Positiv. Daily hat eine sehr hohe Aufmerksamkeit erzielt und uns erreichen viele begeisterte Leser-Reaktionen. Konstruktive Kritik nehmen wir gerne an – das Schöne am Tageszeitungsmachen ist ja, dass man jeden Tag versuchen kann, es ein bisschen besser zu machen.

Gab es Unerwartetes? Was hat Sie in den ersten Tagen am meisten überrascht?
Keine Überraschung, sondern eher eine Bestätigung ist das Engagement des ganzen Hauses bei Daily: Kollegen von Print, Online und TV arbeiten gemeinsam an einem Produkt, liefern Analysen, drehen Videos, schreiben Kommentare. Das funktioniert sogar noch besser als erwartet.

Wie sieht der Redaktionsalltag bei Spiegel-Daily aus? Redaktionsschluss ist um Punkt 17.00 Uhr. Hört sich irgendwie ein wenig nach der guten alten Tageszeitung an?
Ja, wir glauben an das Konzept Tageszeitung – nur sie hat die Kraft, einmal am Tag die Welt anzuhalten. Das klingt pathetisch, ist aber unsere feste Überzeugung. In Zeiten laufender Eilmeldungen, Updates und Liveticker gibt es tatsächlich Menschen, die das Bedürfnis nach einem abgeschlossenen Produkt haben. Beim Spiegel ist dafür zwischen einer minutenaktuellen Website und einem Wochenmagazin ausreichend Platz.
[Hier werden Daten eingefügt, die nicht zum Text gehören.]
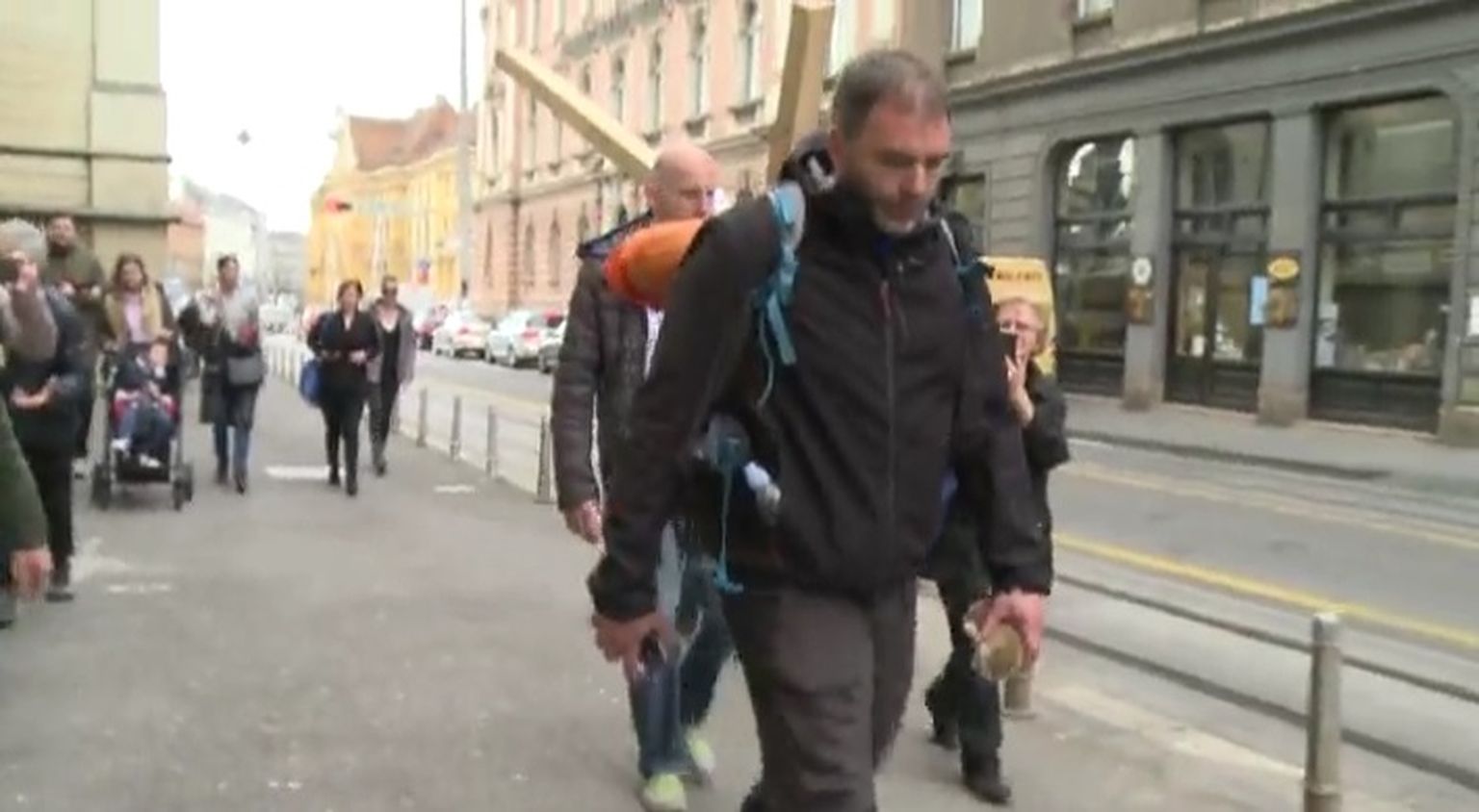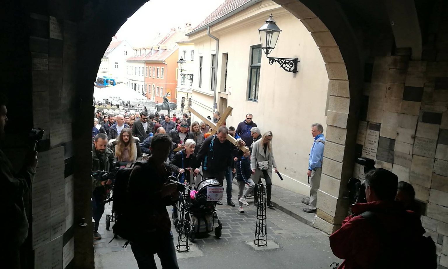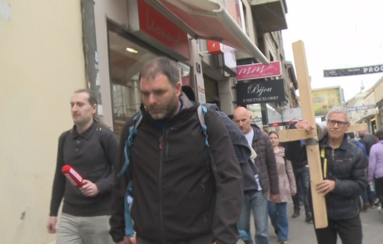 • Saša s križem ide prema Markovu trgu (Foto: dnevnik.hr) Foto: DNEVNIK.hr

Im Internet kann man ja alles so schön messen. Deshalb verraten Sie doch mal: Wie viele Leser haben die ersten Ausgaben gefunden und was sind die beliebtesten Rubriken/Themen?
Wir liegen im Plan, wollen aber noch keine konkreten Zahlen nennen. Neben den Erklärstücken sind es vor allem die Kommentare, die stark nachgefragt werden. Harald Schmidt und Jörg Kachelmann haben eine große und treue Fangemeinde. Und das Emoji-Interview, das wir unter anderem mit Grünen-Chef Cem Özdemir geführt haben, funktioniert sehr gut in den Sozialen Netzwerken.
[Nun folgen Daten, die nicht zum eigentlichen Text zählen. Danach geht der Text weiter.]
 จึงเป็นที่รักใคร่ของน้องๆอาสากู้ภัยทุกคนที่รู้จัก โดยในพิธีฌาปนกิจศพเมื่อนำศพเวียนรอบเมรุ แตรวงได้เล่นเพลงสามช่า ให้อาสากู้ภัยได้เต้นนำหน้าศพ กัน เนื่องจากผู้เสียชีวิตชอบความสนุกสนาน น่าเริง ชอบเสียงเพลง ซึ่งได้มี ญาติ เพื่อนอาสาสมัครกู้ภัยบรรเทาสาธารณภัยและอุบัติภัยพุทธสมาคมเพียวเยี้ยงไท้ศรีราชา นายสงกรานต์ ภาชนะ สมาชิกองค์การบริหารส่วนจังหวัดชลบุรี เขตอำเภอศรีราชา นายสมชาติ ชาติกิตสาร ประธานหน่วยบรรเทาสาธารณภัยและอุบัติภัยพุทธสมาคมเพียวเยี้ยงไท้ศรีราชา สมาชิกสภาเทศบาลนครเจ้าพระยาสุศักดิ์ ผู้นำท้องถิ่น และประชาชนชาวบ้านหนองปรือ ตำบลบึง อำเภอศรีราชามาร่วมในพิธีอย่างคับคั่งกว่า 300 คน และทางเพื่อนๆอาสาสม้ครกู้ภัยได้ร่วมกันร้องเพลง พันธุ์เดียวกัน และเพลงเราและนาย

Was zeigen die ersten Erfahrungen: Wie und von wem wird Spiegel Daily genutzt? Entspricht dies den eigentlichen Überlegungen, die sie vor dem Start angestellt hatten?
Noch ist es zu früh für stabile Erkenntnisse über die Nutzer-Demografie. Nach wie vor richten wir uns an jene Menschen, die keine Zeit oder keine Lust haben, mehrmals täglich die klassischen Nachrichtenseiten anzusteuern, um sich auf dem Laufenden zu halten und stattdessen ein Mal täglich kompakt informiert werden wollen. Dass Daily in den ersten Tagen vor allem auf dem Smartphone genutzt wird, freut uns. Dafür ist es optimiert.
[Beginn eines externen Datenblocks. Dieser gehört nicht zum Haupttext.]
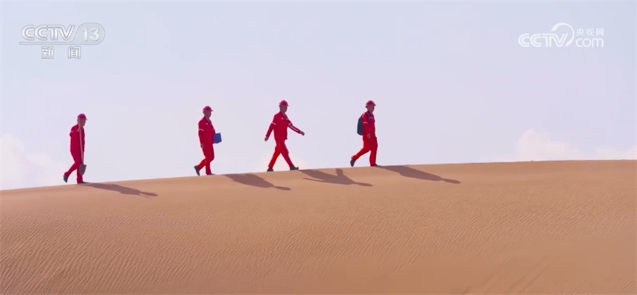 中國石油長慶油田第二采氣廠采氣工 葉濤:車到這里就過不去了,再步行翻過前面這兩座沙丘,今天的巡護(hù)任務(wù)就完成了。

Bislang heißt es immer wieder, dass sie mit Spiegel Daily die Nutzer erreichen wollen, die nicht ständig im Internet auf der Jagd nach Nachrichten sind und auch keine Zeitungen mehr kaufen. Wie erreicht man diesen Typus überhaupt, um ihm zu sagen, dass es jetzt dieses genau auf seine Bedürfnisse zugeschnittenes Angebot gibt?
Mit Spiegel Online haben wir ein großes Schaufenster, durch die Seite sind bereits in den ersten Tagen mehrere hunderttausend Nutzer mit Daily in Berührung gekommen. Viele davon sind hochzufriedene SPON-Nutzer – für die ist Daily nichts. Auch Journalisten und Digitalberater zählen übrigens nicht zur Zielgruppe. Für die anderen gibt es jetzt ein Angebot, das vielleicht noch besser zu ihren Informationsbedürfnissen passt. Was uns besonders freut: Viele Digital-Abonnenten des Spiegel, die Daily gratis bekommen, nutzen unser Produkt. Das bringt zwar direkt kein Geld, ist aber ein schöner Bonus für besonders treue Leser.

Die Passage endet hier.